This rule detects the enumeration of tools by the "which" command inside a container. The "which" command is used to list what tools are installed on a system, and may be used by an adversary to gain information about the container and the services running inside it.

Rule type: eql
Rule indices:

  • logs-cloud_defend.process*

Rule Severity: low
Risk Score: 21
Runs every: 5m
Searches indices from: now-6m
Maximum alerts per execution: ?
References:

Tags:

  • Data Source: Elastic Defend for Containers
  • Domain: Container
  • OS: Linux
  • Use Case: Threat Detection
  • Tactic: Discovery
  • Resources: Investigation Guide

Version: ?
Rule authors:

  • Elastic

Rule license: Elastic License v2

Disclaimer: This investigation guide was created using generative AI technology and has been reviewed to improve its accuracy and relevance. While every effort has been made to ensure its quality, we recommend validating the content and adapting it to suit your specific environment and operational needs.
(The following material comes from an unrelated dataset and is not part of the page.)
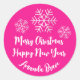 Adesivo Redondo Feliz Script de Natal Nome Snowflake Bright Rosa

Detects interactive use of which inside a Linux container to list installed networking, container-control, compiler, and scanning utilities. Adversaries do this to quickly assess built-in tools for living-off-the-land actions like payload download, cluster manipulation, or reconnaissance without dropping new binaries. Example: after compromising a Kubernetes pod, an operator runs which curl wget kubectl nmap python to decide how to transfer data, interact with the API, or probe the network.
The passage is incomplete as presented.